Even when this constraint is satisfied, different types of mental representation are distinguishable. For example, throughout the day, the sunflower rotates to face the sun. Moreover, this rotation continues even when the sun is occluded. Consequently, it stands to reason that somewhere there is a physical process that represents the location of the sun and that guides the flower’s rotation during those instances when the sun is not present. However, there is very little a sunflower can do with this representation besides guide its rotation. Humans, in contrast, are not subject to this limitation. For instance, when seeing a cat, a person may represent its presence at that moment. Furthermore, the person may think about the cat in its absence. But, unlike the sunflower, that person can also think arbitrary thoughts about the cat: “That cat was fat”; “That cat belonged to Napoléon,” etc. It seems as if the “cat” representation can be used in the formation of larger—and completely novel—aggregate representations. So, while possessing content is a necessary feature of mental representation, there may be additional features as well.

 

Some representations play certain roles better than others. For example, a French sentence conveys information to a native French speaker more effectively than does the same sentence in Swahili, despite the two sentences having the same meaning.
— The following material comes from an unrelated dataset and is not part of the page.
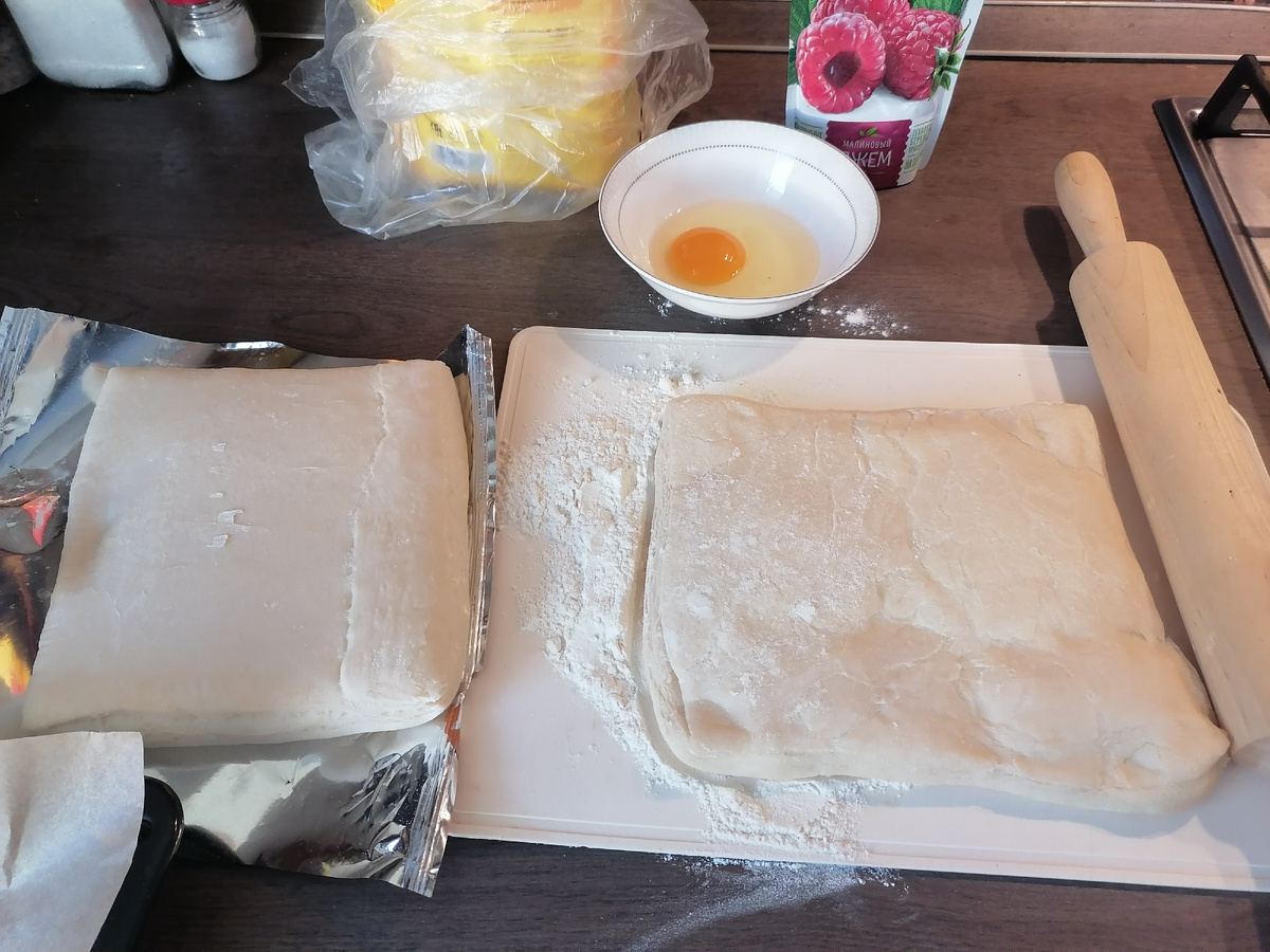 Здравствуйте друзья и гости нашего канала! Сегодня хочется с Вами поделиться одним простым и очень быстрым приготовлением круассанов (рогаликов) с малиновым джемом из слоёного дрожжевого теста. Круасса́н (фр. croissant — «полумесяц») — небольшое мучное кондитерское изделие, булочка в форме полумесяца (рогалика) из слоёного теста. Обе булочки готовят в форме полумесяца, но все же в них есть различия. Рогалики меньше по размеру, а круассаны — более загнутые. 🥐 Но у нас будут прямые. Круассаны выпекают из слоеного теста, а рогалики из дрожжевого или песочного. 😉 Ингредиенты: Подготавливаем наш противень, используем силиконизированный пергамент. В первую очередь нам необходимо раскатать один пласт теста в одну сторону и нарезать из него треугольники. Затем наносим малиновый джем. После начинаем с широко края теста каждый кусочек сворачивать в трубочку и выкладывать на противень. Повторяем процедуру приготовления и с вторым пластом теста. 😉 Затем смазываем их яичком и даём подняться
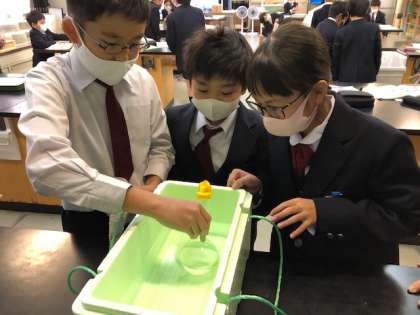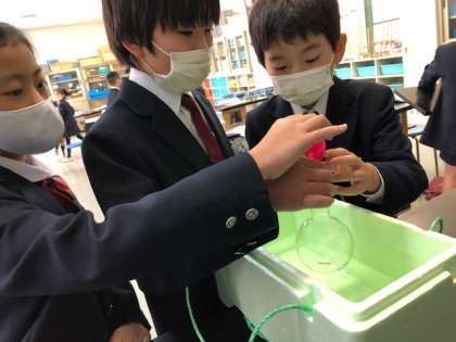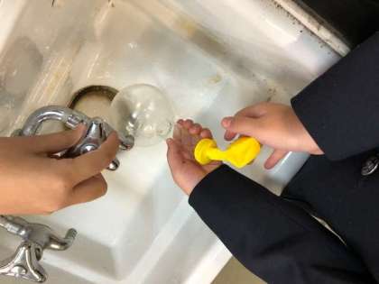 今日の4年理科では、学習のまとめとして、ものの温度による体積の変化をフラスコと風船をつかっての実験で確かめました。「水で冷やしたら、一気にしぼんだ!」「お湯であたためると、こんなに膨らむんだな」と体積の変化をしっかりと感じることができたようです。

In this case, the two sentences have the same content yet differ in the way in which they represent it; that is, they utilize different representational formats. The problem of determining the correct representational format (or formats) for mental representation is a topic of ongoing interdisciplinary research in the cognitive sciences.

 

Human cognition consists in the manipulation of mental symbols according to “rules of thought.” Cognition requires a “language of thought” operating according to computational principles. Individual concepts are the “words” of the language, and rules govern how concepts are assembled into complex thoughts—“sentences” in the language. For example, to think that the cat is on the mat is to take the required concepts (i.e., the “cat” concept, the “mat” concept, the relational concept of one thing being on top of another, etc.) and assemble them into a mental sentence expressing that thought. The theory enjoys a number of benefits, not least that it can explain the human capacity to think arbitrary thoughts.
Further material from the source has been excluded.